Task directions:
Copy every entry word for word. Skip the pictures.

Records to process:

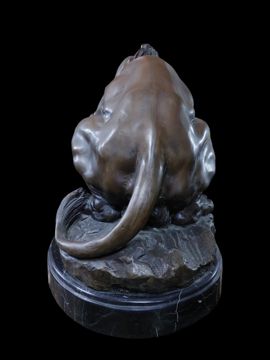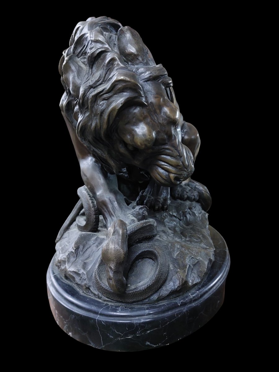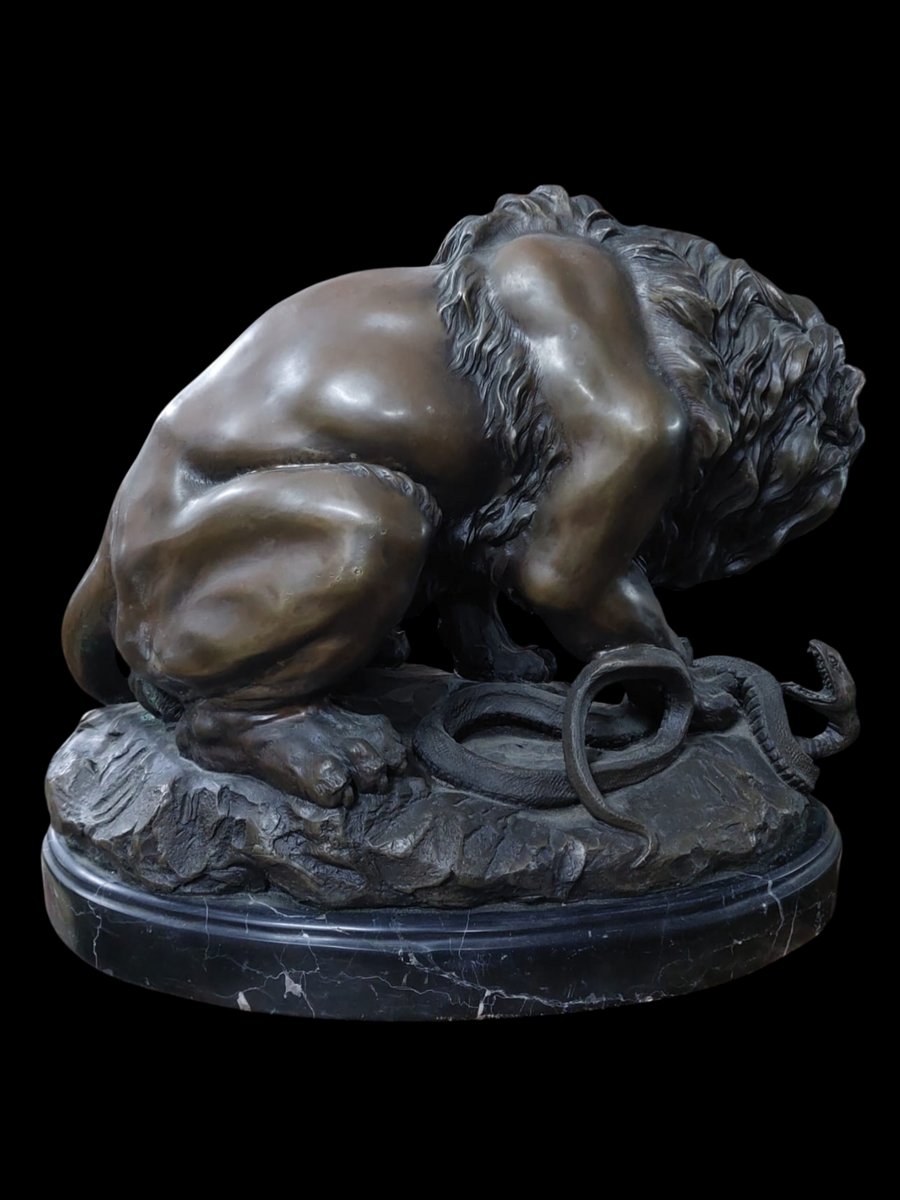 Dies ist eine originalgetreue Reproduktion der Bronzeskulptur „Löwe, der eine Schlange zertritt“ (Lion écrasant un serpent) aus den frühen 1900er Jahren, die ursprünglich vom französischen Künstler Antoine-Louis Barye geschaffen wurde. Künstler: Antoine-Louis Barye (1795–1875), ein renommierter Tierbildhauer.
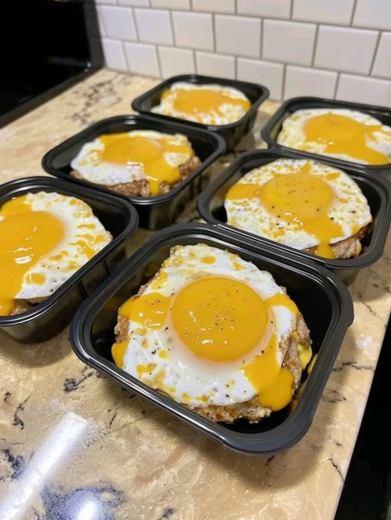 In a skillet, cook sausage patties over medium heat until browned and fully cooked. Place one patty in each meal prep container or ramekin.
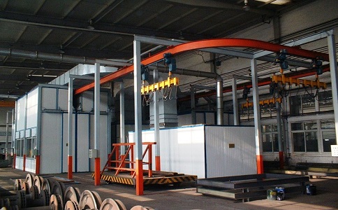 涂裝生產(chǎn)線全線工件輸送系統(tǒng)采用空中懸掛和地面滑橇相結(jié)合的機(jī)械化輸送方式,運(yùn)行平穩(wěn)、快速便捷,采用PLC可控編程,根據(jù)生產(chǎn)工藝的實(shí)際要求編程控制——實(shí)行現(xiàn)場總線中心監(jiān)控,分區(qū)自動(dòng)實(shí)現(xiàn)轉(zhuǎn)接運(yùn)行。
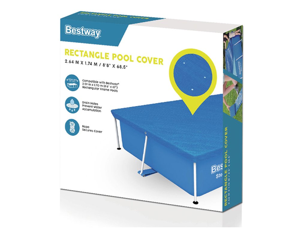 Krycí plachta Bestway je praktickým řešením pro ochranu bazénu před nečistotami a nepříznivými povětrnostními podmínkami. Zabraňuje vniknutí hmyzu, listí, ptáků a drobných srážek do vody, čímž pomáhá udržet bazén čistý. Plachta navíc zajišťuje dodatečnou tepelnou izolaci, čímž omezuje tepelné ztráty vody.
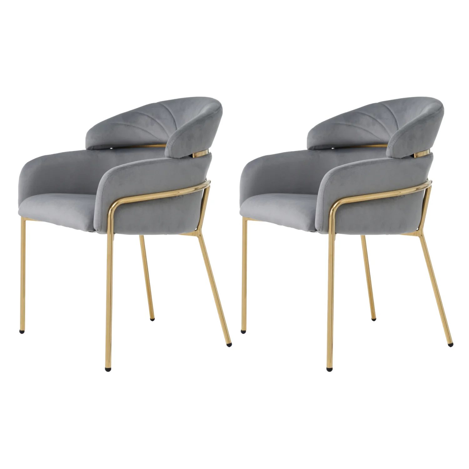 Lot de 2 chaises de salle à manger au design de luxe léger, caractérisées par leur revêtement en velours gris et leurs pieds élancés en métal doré. Elles offrent un grand confort ergonomique.
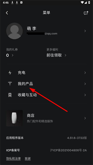 2、在菜单页面中,找到我的产品选项并点击,进入产品管理页面。
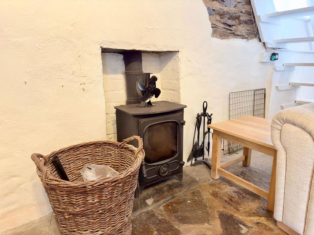 Dual aspect room with uPVC double glazed window and further window to side elevation and uPVC window to rear. Fireplace with inset wood burning stove, TV point, beamed ceiling, stone paved floor, two central heating radiators, door to:
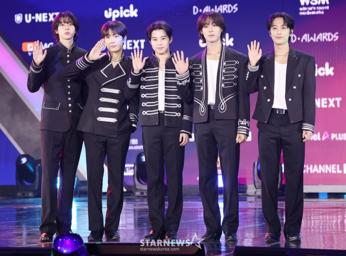 *此内容由AI翻译生成。组合Hi-Fi独角兽11日出席在首尔城北区高丽大学花井体育馆举行的"第二届颁奖典礼"红地毯照片墙,并摆出造型,供记者们拍照。 /2026.02.11© STARNEWS. 未经许可禁止转载或再分发*此内容由AI翻译生成。
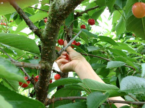 結婚して、縁あって山梨に住んで20数年になりますがここ最近は「そろそろ食べ頃になるよ」と農園のご主人が教えてくれるようになりました。それを聞くと居ても立っても居られず毎年いそいそと出掛けています。さくらんぼは同じ品種でも日当たりや樹によって酸味や甘さが全然違います。まだうちの子供達が小さい頃には手の届く低い所にあるさくらんぼから脚立に登らないと採れない高い所にあるさくらんぼまであちこちで食べてみてお気に入りの樹を見つけては口いっぱいに頬張って楽しんでいました。あの満面の笑みは今でも心に焼き付いています。
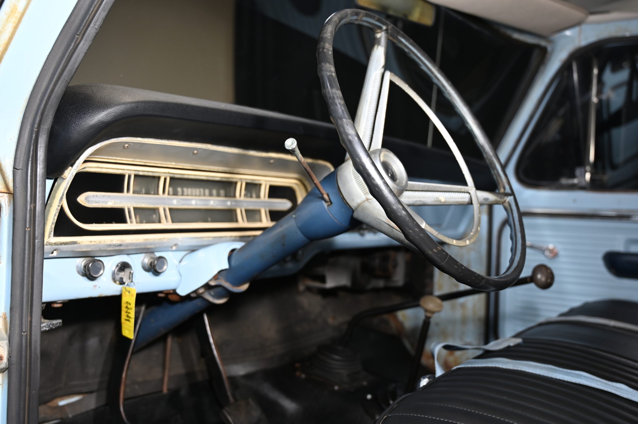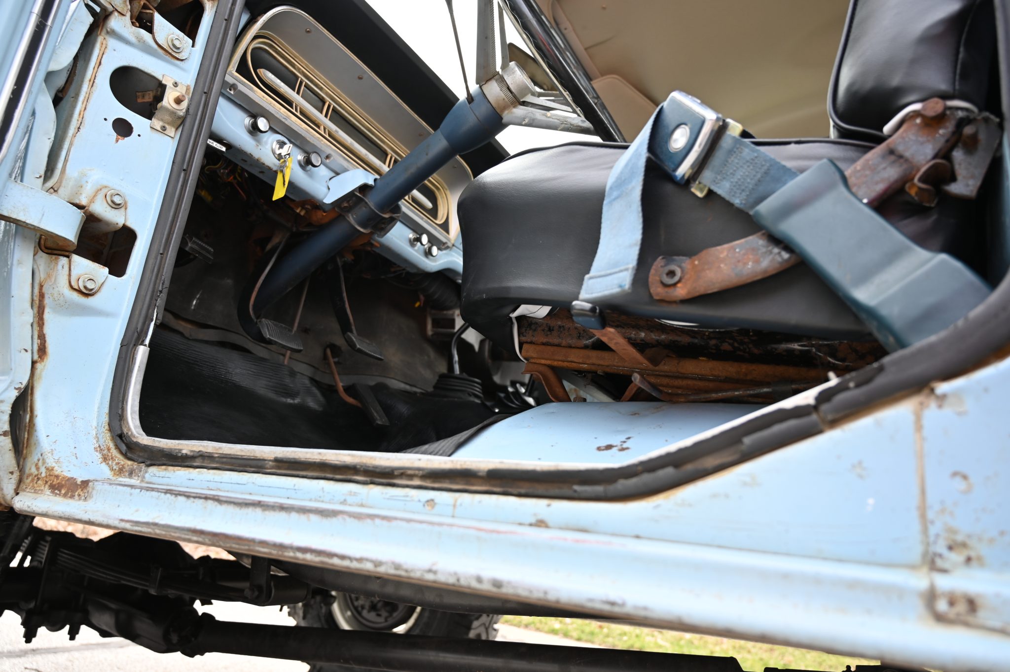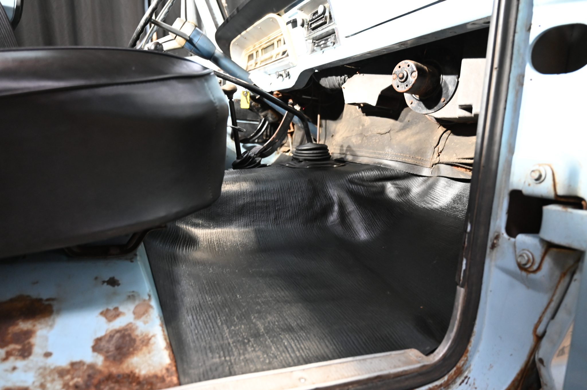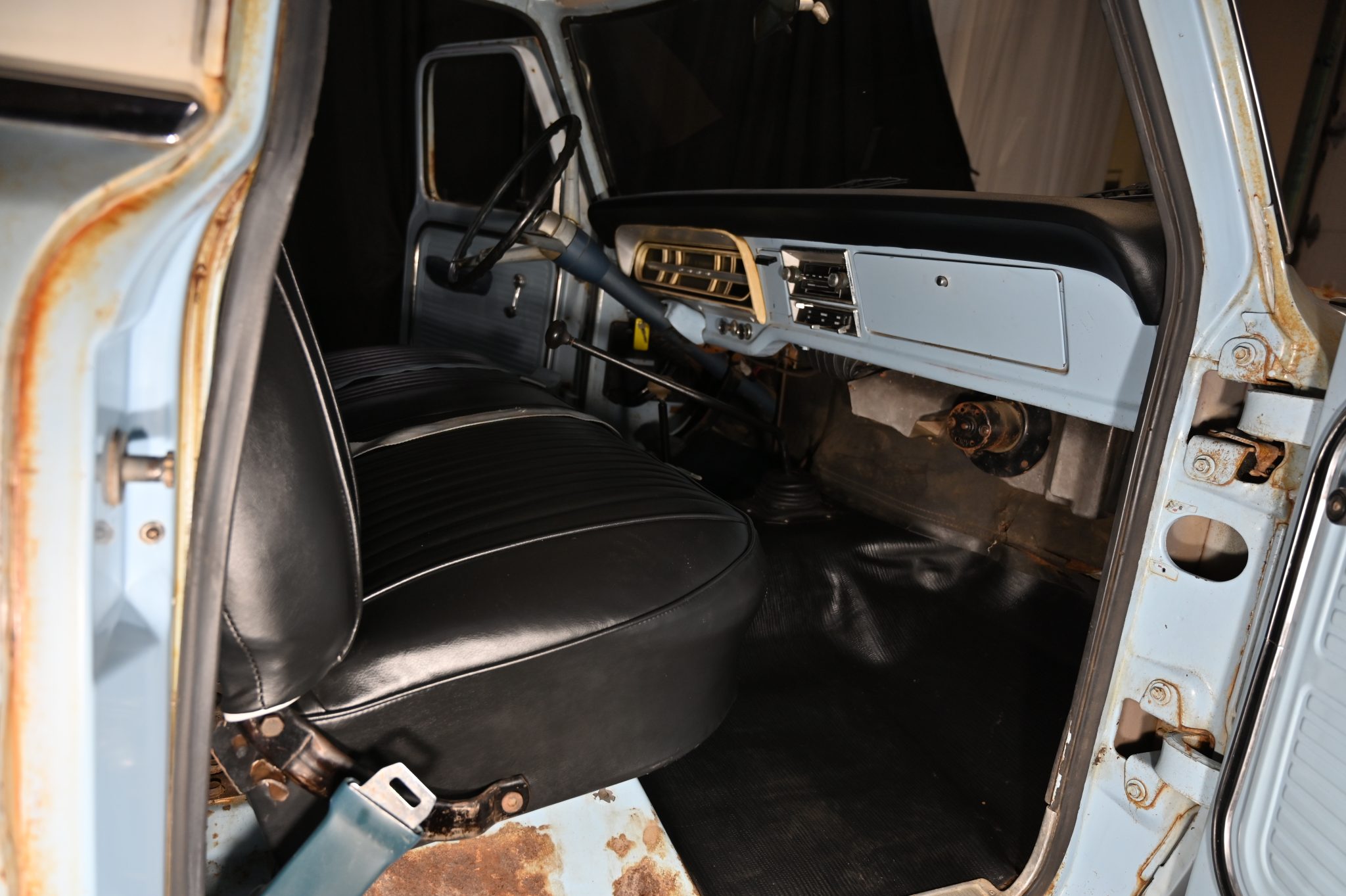 This 1969 Ford F-250 4×4 four-speed was re-bodied with an F-100 Sport Custom refinished its frame during the swap. Its 360ci V8 was also refurbished and the cab was refreshed with a replacement bench and floor cover. Other work involved replacing the exhaust system along with the wheels and tires.
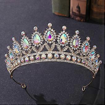 Gold AB Vintage Bridal Tiara Crystal Crown for Women Elegant Rhinestone Diadem for Wedding Prom
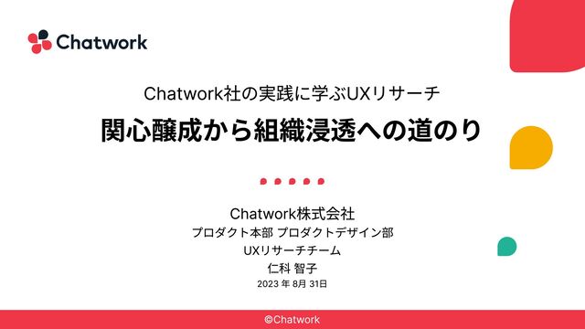 プラットフォーム化を目指しています 導入社数は41万社*3 を突m ビジネス コミュニケーションの変化を加速 ÷ *1 Chatworkセグメント以外の事業として、ESET社提供のセキュリティ対策ソフトウェア「ESET」の代理販売事業を 展開。安定的な収益貢献となってい¨ ÷ *2 Nielsen NetView 及びNielsen Mobile NetView Customized Report 2022年5月度調べ月次利用者(MAU:Monthly Active User)調査。 調査対象はChatwork、Microsoft Teams、Slack、LINE WORKS、Skypeを含む47サービスを Chatwork株式会社にて選定Ý ÷ *3 2023年6月末時点
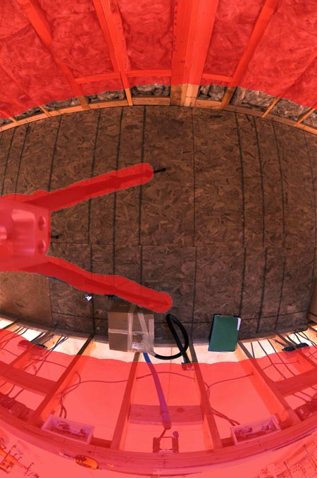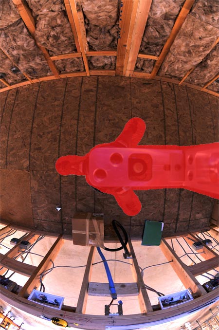 The new pano heads from Nodal Ninja have an optional 180 degree swivel. This allows you to swivel the camera out in order to take the Nadir patch shot.

Final answer:
 Dies ist eine originalgetreue Reproduktion der Bronzeskulptur „Löwe, der eine Schlange zertritt“ (Lion écrasant un serpent) aus den frühen 1900er Jahren, die ursprünglich vom französischen Künstler Antoine-Louis Barye geschaffen wurde. Künstler: Antoine-Louis Barye (1795–1875), ein renommierter Tierbildhauer.
 In a skillet, cook sausage patties over medium heat until browned and fully cooked. Place one patty in each meal prep container or ramekin.
 涂裝生產(chǎn)線全線工件輸送系統(tǒng)采用空中懸掛和地面滑橇相結(jié)合的機(jī)械化輸送方式,運(yùn)行平穩(wěn)、快速便捷,采用PLC可控編程,根據(jù)生產(chǎn)工藝的實(shí)際要求編程控制——實(shí)行現(xiàn)場總線中心監(jiān)控,分區(qū)自動(dòng)實(shí)現(xiàn)轉(zhuǎn)接運(yùn)行。
 Krycí plachta Bestway je praktickým řešením pro ochranu bazénu před nečistotami a nepříznivými povětrnostními podmínkami. Zabraňuje vniknutí hmyzu, listí, ptáků a drobných srážek do vody, čímž pomáhá udržet bazén čistý. Plachta navíc zajišťuje dodatečnou tepelnou izolaci, čímž omezuje tepelné ztráty vody.
 Lot de 2 chaises de salle à manger au design de luxe léger, caractérisées par leur revêtement en velours gris et leurs pieds élancés en métal doré. Elles offrent un grand confort ergonomique.
 2、在菜单页面中,找到我的产品选项并点击,进入产品管理页面。
 Dual aspect room with uPVC double glazed window and further window to side elevation and uPVC window to rear. Fireplace with inset wood burning stove, TV point, beamed ceiling, stone paved floor, two central heating radiators, door to:
 *此内容由AI翻译生成。组合Hi-Fi独角兽11日出席在首尔城北区高丽大学花井体育馆举行的"第二届颁奖典礼"红地毯照片墙,并摆出造型,供记者们拍照。 /2026.02.11© STARNEWS. 未经许可禁止转载或再分发*此内容由AI翻译生成。
 結婚して、縁あって山梨に住んで20数年になりますがここ最近は「そろそろ食べ頃になるよ」と農園のご主人が教えてくれるようになりました。それを聞くと居ても立っても居られず毎年いそいそと出掛けています。さくらんぼは同じ品種でも日当たりや樹によって酸味や甘さが全然違います。まだうちの子供達が小さい頃には手の届く低い所にあるさくらんぼから脚立に登らないと採れない高い所にあるさくらんぼまであちこちで食べてみてお気に入りの樹を見つけては口いっぱいに頬張って楽しんでいました。あの満面の笑みは今でも心に焼き付いています。
 This 1969 Ford F-250 4×4 four-speed was re-bodied with an F-100 Sport Custom refinished its frame during the swap. Its 360ci V8 was also refurbished and the cab was refreshed with a replacement bench and floor cover. Other work involved replacing the exhaust system along with the wheels and tires.
 Gold AB Vintage Bridal Tiara Crystal Crown for Women Elegant Rhinestone Diadem for Wedding Prom
 プラットフォーム化を目指しています 導入社数は41万社*3 を突m ビジネス コミュニケーションの変化を加速 ÷ *1 Chatworkセグメント以外の事業として、ESET社提供のセキュリティ対策ソフトウェア「ESET」の代理販売事業を 展開。安定的な収益貢献となってい¨ ÷ *2 Nielsen NetView 及びNielsen Mobile NetView Customized Report 2022年5月度調べ月次利用者(MAU:Monthly Active User)調査。 調査対象はChatwork、Microsoft Teams、Slack、LINE WORKS、Skypeを含む47サービスを Chatwork株式会社にて選定Ý ÷ *3 2023年6月末時点
 The new pano heads from Nodal Ninja have an optional 180 degree swivel. This allows you to swivel the camera out in order to take the Nadir patch shot.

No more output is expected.